类似于zoj2760 how many shortest paths,需要求出有多少个互不相交的最短路条数,需要求出最短路,然后让满足d[to] == d[from] + w[from][to] 的两个点间连接一条弧,容量为1,然后再S,T之间求最大流即可,本题难度 不大,就是出数据的人该遭鄙视,边的顶点竟然有为0的,害得我搞了好长时间,求最短路的时候可以用spfa和dij+heap,速度差不多,哎,好久么有写最短路了,我这个代码写了好几遍,我感觉已经写的非常规范了,可以当做模板用。。
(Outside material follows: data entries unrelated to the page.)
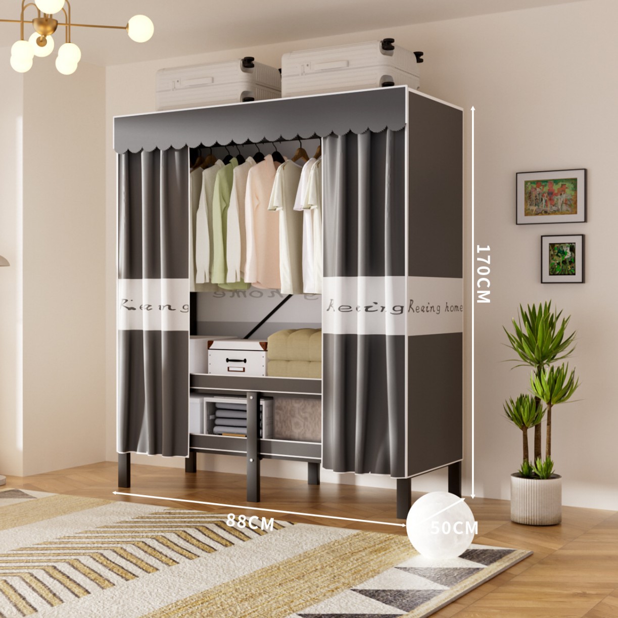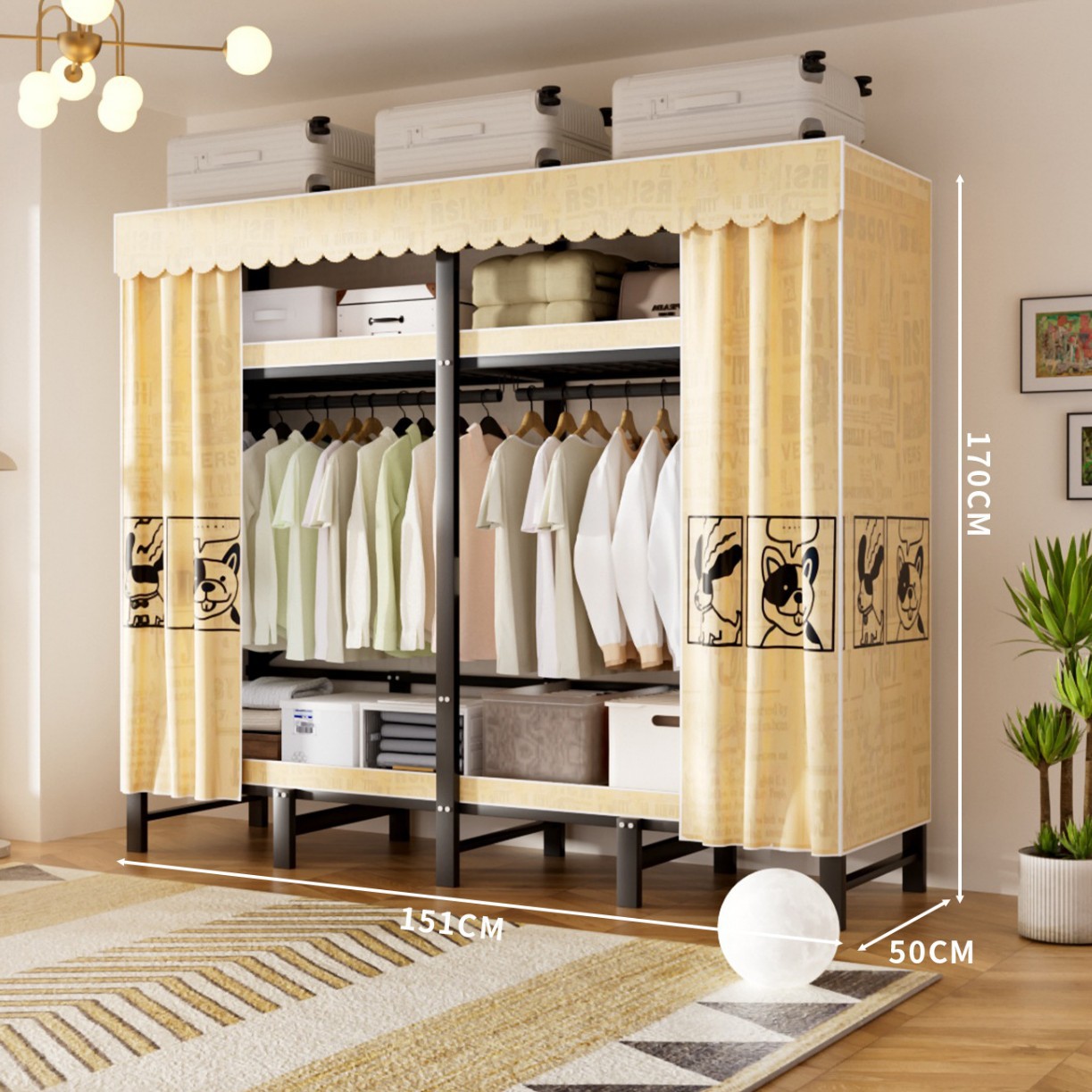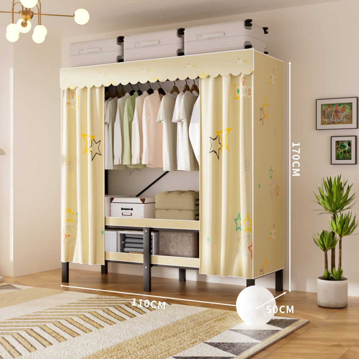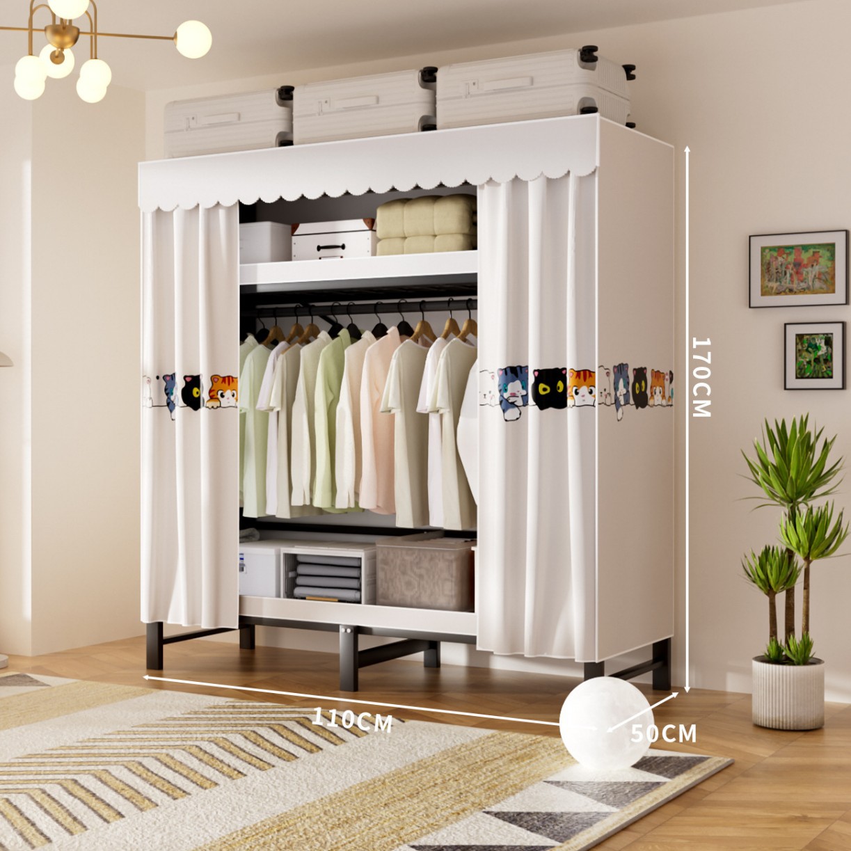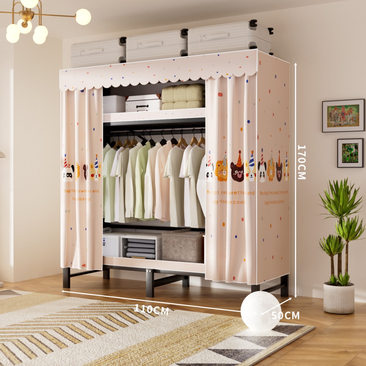 접이식 옷장, 가정용 침실, 간단한 천 옷장, 튼튼하고 내구성이 뛰어난 임대용 옷장, 철제 프레임 캐비닛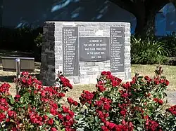 In the 1920s the residents wanted a fitting memorial to the fallen soldiers of World War I. Duly the Memorial Hall and Library (pictured above) was built and opened in the heart of Papanui 1923. This building served as the Town Hall, library and picture theatre for over 50 years, until it was demolished in the late 1970s with the land reverting to a reserve. In 1997 the Returned Services Association prevailed upon the council to redevelop the site as a war memorial reserve and to include the names of the fallen soldiers from World War II.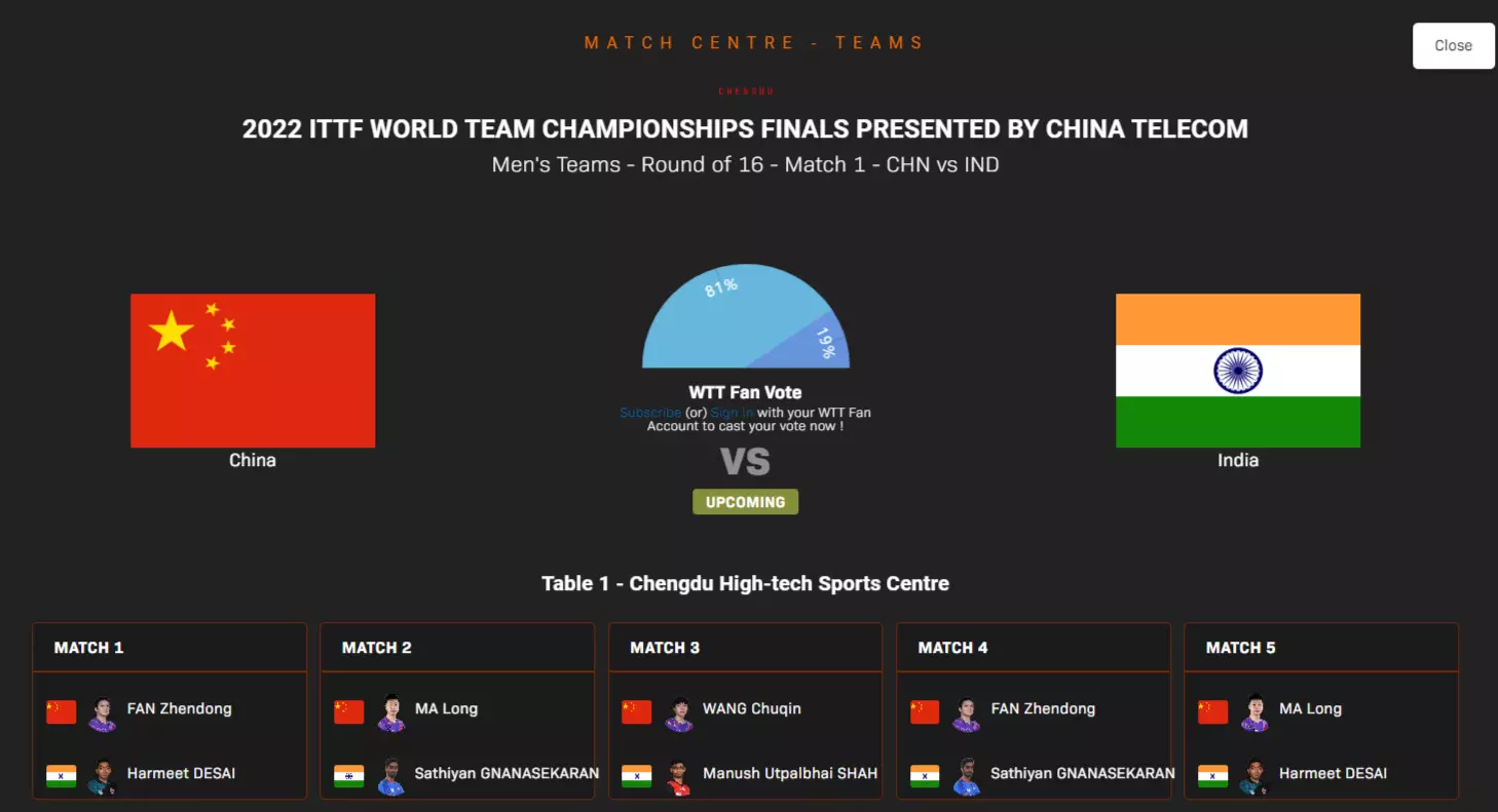 Follow all the highlights from India's loss against China in World TT Teams Championships.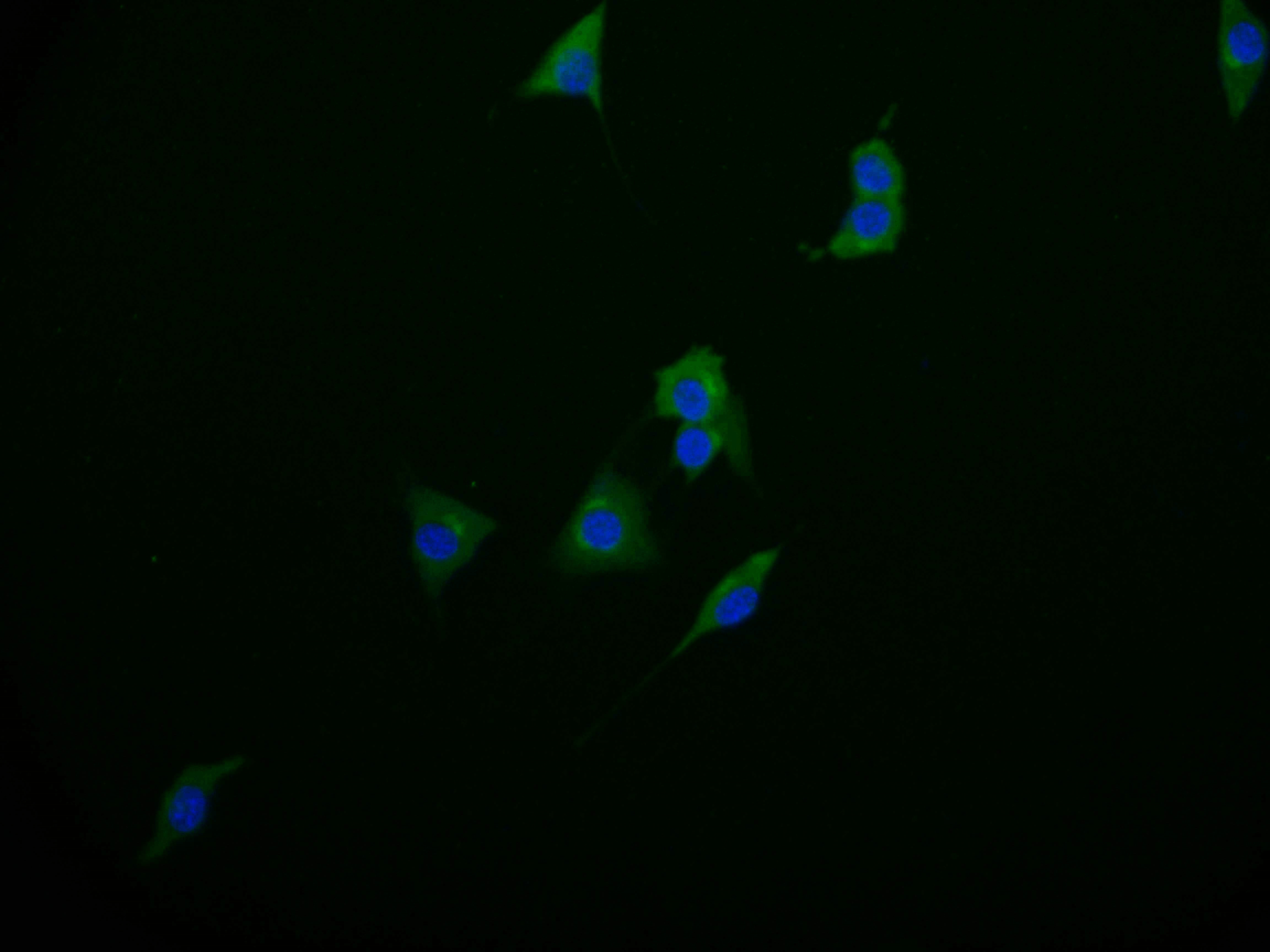 • Immunofluorescence staining of MCF-7 cell with CSB-RA169000A0HU at 1:50, counter-stained with DAPI. The cells were fixed in 4% formaldehyde and blocked in 10% normal Goat Serum. The cells were then incubated with the antibody overnight at 4°C. The secondary antibody was Alexa Fluor 598-congugated AffiniPure Goat Anti-Rabbit IgG(H+L).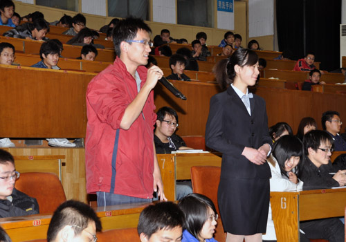 一提到具有自然与文化双遗产的泰山,张用蓬便滔滔不绝了。活动中,张教授生动而又详细地把泰山文化全面地呈献给了在场的同学。他把泰山归纳为旅游山、政治山、宗教山、文化山、民俗山、精神山六个方面,并联系历史资料,逐条作出详细的介绍。当谈到泰山文化精神与大学生发展时,他指出大学生要具备勇于攀登的超越精神,奉献牺牲的价值取向,不让土壤的博大情怀,捧日擎天的光明追求,国泰民安的美好寄托等精神。他希望同学们能敞开心扉,拥抱泰山的一草一木,并与之相融合,真正去感受她的种种奥妙。张教授谦逊风趣的语言不断博得同学们的热烈掌声。随后,大家就感兴趣的泰山文化、泰山民俗等问题进行提问,张教授都一一进行了解答。

。
#include<iostream>
#include<cstring>
#include<queue>
#include<algorithm>
#define MAX 1501
#define INF 999999999
using namespace std;
class Arc{
public:
int to,w;
Arc *next,*anti;
Arc *ass( int tt,int ww,Arc *&b ){
to=tt;w=ww;next=b;b=this;return this;
}
}a[ 100000 ];
class po{
public:
int to,len;
};
po makepo( int to,int len ){ po t;t.to=to;t.len=len;return t;}
bool operator < (po a,po b ) { return a.len > b.len; }
Arc *biao[ MAX ],*tu[ MAX ];
int d[ MAX ],S,T,N,countt;
Arc* addedge( int from,int to,int w,Arc **biao ){
return a[ countt++ ].ass( to, w, biao[from] );
}
void add( int from,int to,int w,Arc **biao ){
Arc *p1 = addedge(from,to,w,biao);
Arc *p2 = addedge(to,from,0,biao);
p1->anti = p2; p2->anti = p1;
}
void DIJ( void ){
int i,flag[ MAX ],now = S;
priority_queue<po> q;
fill( d, d+MAX, INF );
fill( flag, flag+MAX, 0 );
d[ now ] = 0;
flag[ now ] = 1;
for( i = 1; i < N; i ++ ){
for( Arc *p=biao[now]; p != NULL; p = p->next )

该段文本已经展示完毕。